Friday, June 08, 2007

Optionetics Mentoring Program - Session 1 Homework

As part of the Optionetics Mentoring Program we have received several learning resources. First we received the course workbooks, which came in heavy plastic cases that looked more impressive than the ½” thick spiral bound books really were. Each of the two workbooks (Silver Series and Gold Series) came packaged with an audio CD that was basically just more sales pitch for the company. I don’t have any problem with sales pitches, so that is not necessarily a negative observation. It’s just that when I saw the DVD I was hoping for another learning resource, so it didn’t meet my expectation. We also received a CD of the software Profit Source, which is a service that has an additional yearly subscription fee if we chose to use it. It comes with a 30 day free trial so we were advised in the literature not to load the software until after the third training session to make the most of our trial period.

We did the first session in the Silver Series workbook to prepare for our first call from our mentor. It seemed well laid out and was designed to get us to think about our goals and risk tolerance. I am a firm believer in taking the time to plan and write down goals, so it was a very worthwhile experience. It was especially worthwhile since both Julie and I are going through this program together and will be investing jointly. It is helpful to work out our expectations at this point, rather than in the heat of trading. I am amazed at how many husbands and wives do not share in the responsibility of investing. It’s a huge responsibility to put on just one partner. It also does not provide any training to the other partner in the event something happens to the “financial” partner. For us (as I assume it is for most couples), investing is going to be a life-time pursuit. Having one of us take on all the responsibility and make all of the decisions doesn’t make any more sense than one of us choosing the house we buy.

We came up with the following goals, realizing that this is the beginning of the learning process and that they might change as we progress.

Financial Goals

  1. Maximize the profit potential of our portfolio while minimizing the risks of investing.
  2. To have an investment strategy that we feel good about and are willing to follow consistently (without too much second-guessing).
  3. To create an income stream that we can manage with minimal (but regular) attention.
  4. To create wealth to invest in passive income streams which provide steady income.
  5. To establish a book-keeping system that will track the success rate of different strategies.

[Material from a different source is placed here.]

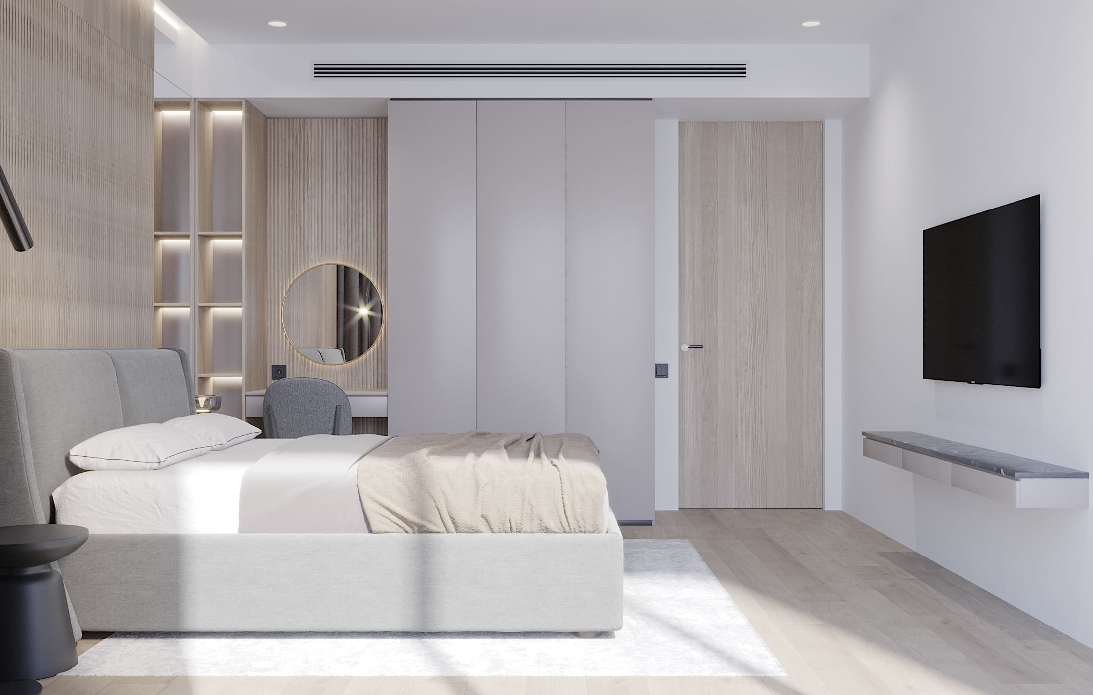 Two spacious bedrooms, each with large built-in wardrobes and soft ambient lighting

We determined that we were moderate in our risk tolerance, with the goal that we will use options to reduce the risk to our portfolio, rather than just using options to maximize potential gain. The lesson asked us to develop a “Trading Mission Statement”, which was a very good idea. Julie is reading a book called “The Family Manager Takes Charge”, by Kathy Peel, which discusses writing a mission statement for your family. Kind of a bizarre concept, but really very practical if you think about it. It goes back to the old adage that if you fail to plan, you plan to fail. You don’t know if you are reaching your goals if you never figure out what your goals were in the first place. We came up with the following:

Trading Mission Statement

  • To follow several investment strategies, each designed to grow a defined portion of our accounts with varying degrees of risk and required involvement. Our goal is to grow our net worth by an amount greater than the market average (with an average of 20%) while taking on less risk with a reasonable amount of time spent.
  • Options – To establish an options trading account with the goal of doubling it in one year’s time. We are only willing to put 50% of our options account at risk at any one time. At the end of 18 months we would decide if and how to incorporate options into our other investment strategies.

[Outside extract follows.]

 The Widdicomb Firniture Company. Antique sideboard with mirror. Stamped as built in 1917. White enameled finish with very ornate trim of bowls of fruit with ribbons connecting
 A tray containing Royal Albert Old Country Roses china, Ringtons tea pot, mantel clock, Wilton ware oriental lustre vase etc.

Julie and I disagreed about what percentage to shoot for. I would be content to beat the market averages by an amount which makes it worth the amount of time and risk that we are investing. That allows for being happy with a flat return in a year that the market as a whole went down. Julie wants to aim for an average of 20%, which would certainly satisfy me when compared to the long term market average of about 10%.

We then came up with a list of trading dos and don’ts. Again, I’m sure that our list will change over time, but this is our list based on what we have learned form being in the market for the last twenty years.

Dos and Don’ts of trading
Do:

  • Keep it simple.
  • Focus on the big picture.
  • Keep to our trading strategy, even in the heat of the trade.
  • Establish exit/target prices for each trade.
  • Know and be able to articulate why we are in a trade and what would need to happen to stay in or get out.
  • Trade companies that have strong enough fundamentals to provide support.

Don’t:

  • Worry about controlled loses if we are confident that the decision making process was good.
  • Trade against the trend.
  • Be afraid to sit on the sidelines if we don’t feel like we have an edge.
  • Let other activities take inappropriate priority over watching each trade.

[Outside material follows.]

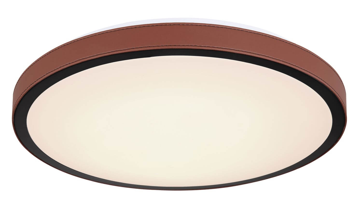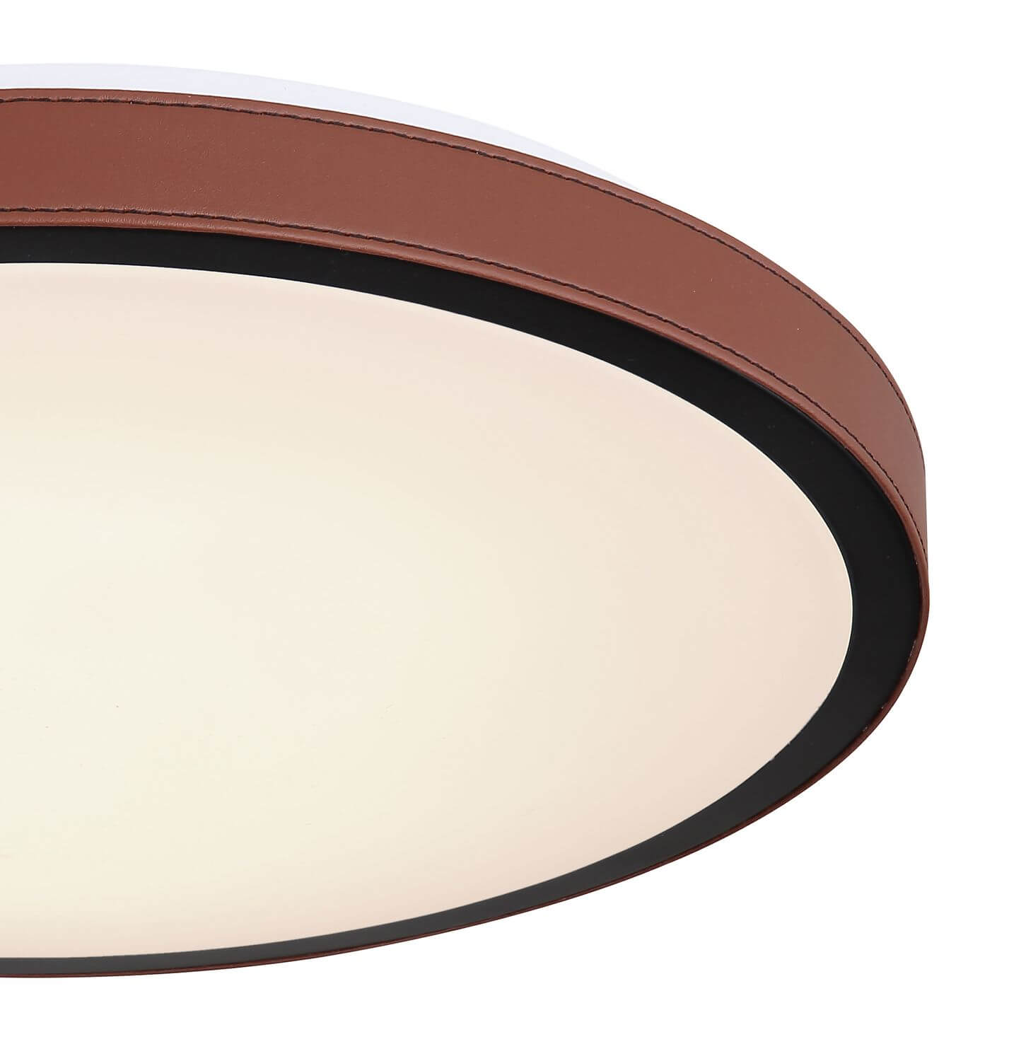 Deckenleuchte Metall weiß, Acryl opal, Aluminium schwarz matt, Kunstleder dunkelbraun, 3000-4500-6000K Schalter am Artikel, ø: 420mm, H: 95mm, inkl. LED 24W 230V, 2400lm Source, 1189lm Output, CCT 3000/4500/6000K

And finally, we made an attempt to come up with a list of trade rules that all of our trades would have to meet.

Trading Rules
Does this trade:

  • Have a firm loss limit.
  • Have a measurable gain target that is at least three times the loss limit.
  • Follow the trend of the market as a whole.
  • Follow the trend of the market sector of the underlying security.
  • Have a reasonable chance to reach our target price in a reasonable time frame.
  • Involve a company that has fundamental strength.
  • Have an available good entry point.

Tomorrow I’ll write about how our first mentoring call went.